Une mission de l'IGAS a d'ailleurs été mise en place pour identifier les leviers
concrets qui permettront de réduire ces inégalités de santé - mission qui vaut
aussi, bien sûr, pour le département de Seine-Saint-Denis. Mme la
présidente. La parole est à M. Claude Bartolone. M. Claude
Bartolone. Monsieur le secrétaire d'État, vous avez évoqué le conseil
général à plusieurs reprises. Voyez le lien qu'on peut établir entre les moyens
financiers des collectivités locales et leurs capacités d'intervention sur des
services publics indispensables à la survie d'une partie de la population.
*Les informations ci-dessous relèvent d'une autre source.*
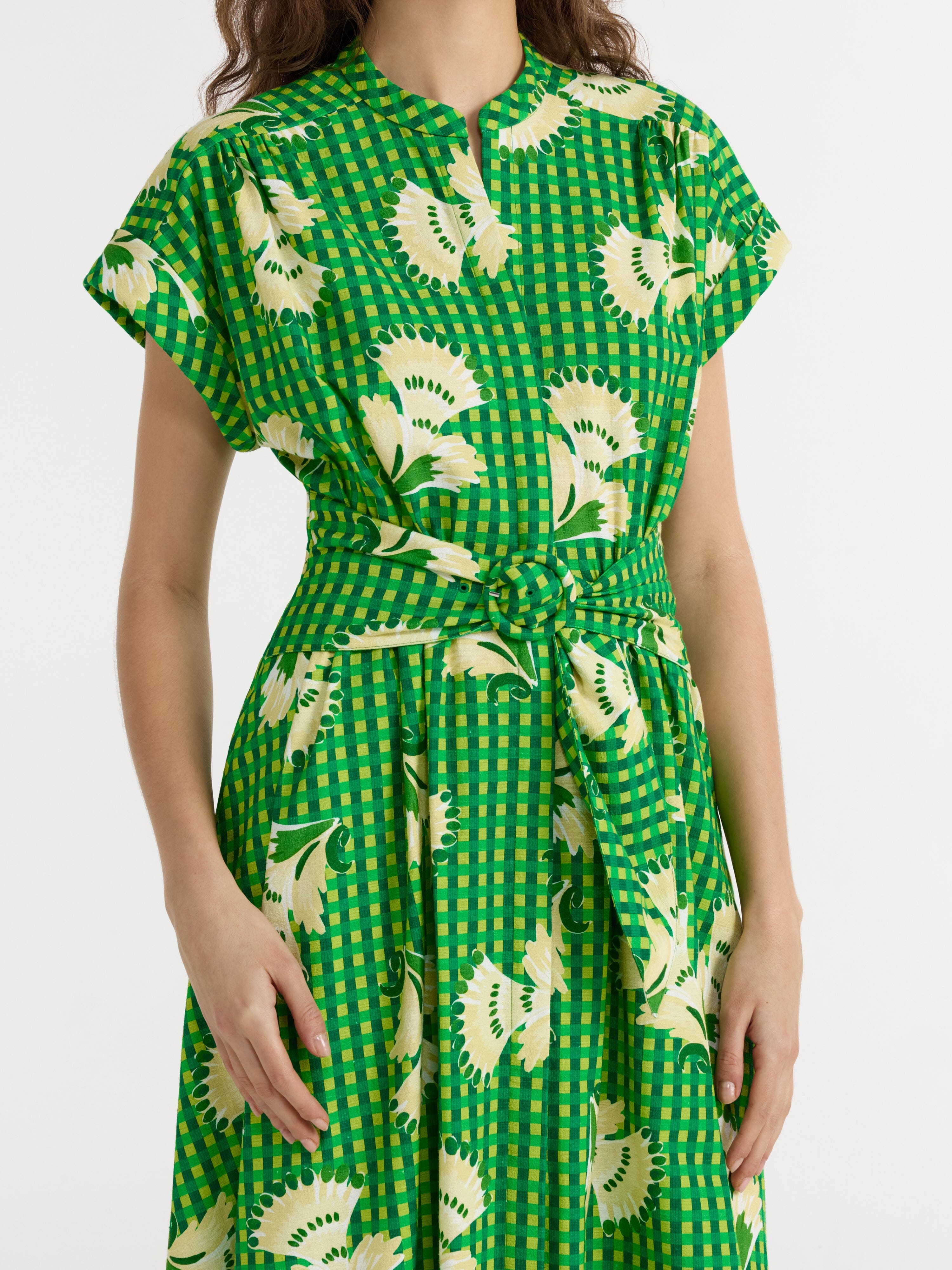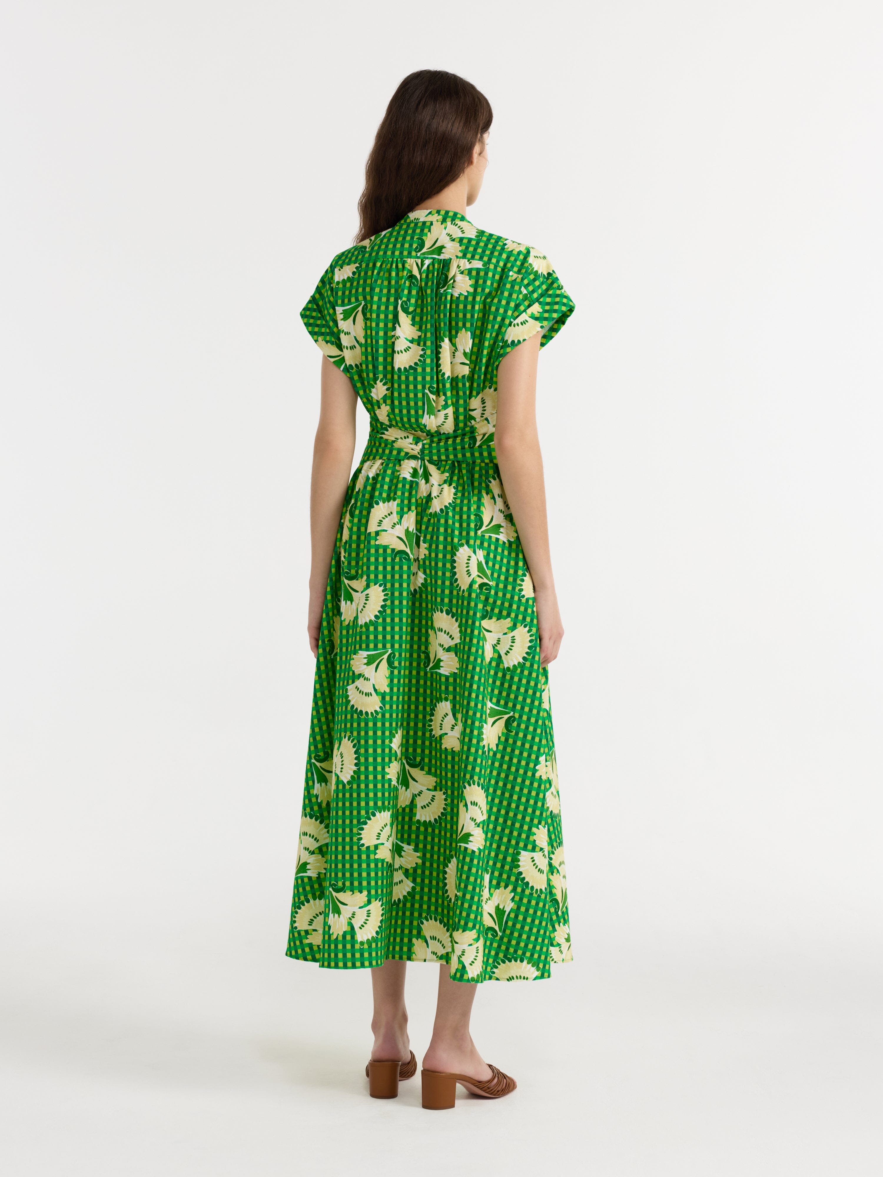 The Neesha Dress in floral-printed green gingham is a contemporary cotton shirt dress featuring soft waist gathers that create a relaxed yet flattering silhouette. A...
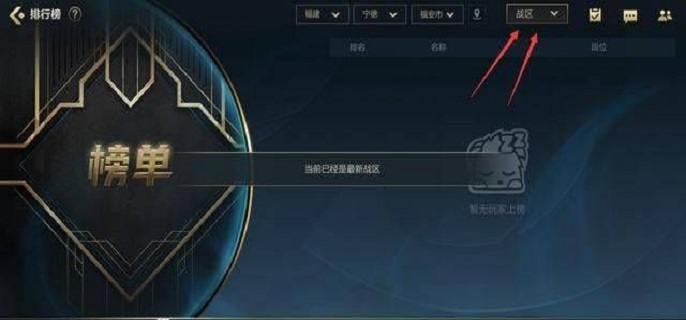 2、玩家选择排行榜页面的任意一位英雄,点击左上角的全服,切换为战区。
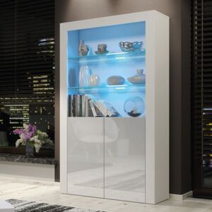 The Spectrum Display Cabinet adds a touch of contemporary elegance to your living space, offering the perfect blend of style and practicality. Measuring 100cm (W) x 170cm (H) x 35cm (D), this sleek cabinet enhances any modern interior with its refined design while providing ample storage and display options. The matte-finished body contrasts beautifully with glossy push-to-open doors, creating a clean and handle-free aesthetic. Behind the two doors lies a generous storage area divided by an internal shelf, offering an organized solution for your essentials. The open section features three compartments and two glass shelves, providing a stylish platform to showcase decor, books, or collectibles. To complete its modern appeal, LED lighting included in the set softly illuminates the glass shelves, adding a warm and inviting glow that enhances the ambiance of your space. Please note: the Oak with Black version features matte black doors, providing a unique and understated alternative to

La
dernière étude de l'INSEE montre que le département de Seine-Saint-Denis est le
plus jeune et le plus pauvre de France. De toutes les inégalités, de toutes les
difficultés qui s'amoncellent sur ce département, la plus grande est celle
relative à l'espérance de vie - j'ai évoqué le taux de cancer masculin. Aussi,
pour combattre cette inégalité, faut-il, au-delà de la commande de rapports,
mettre en place un outil de santé le plus rapidement possible.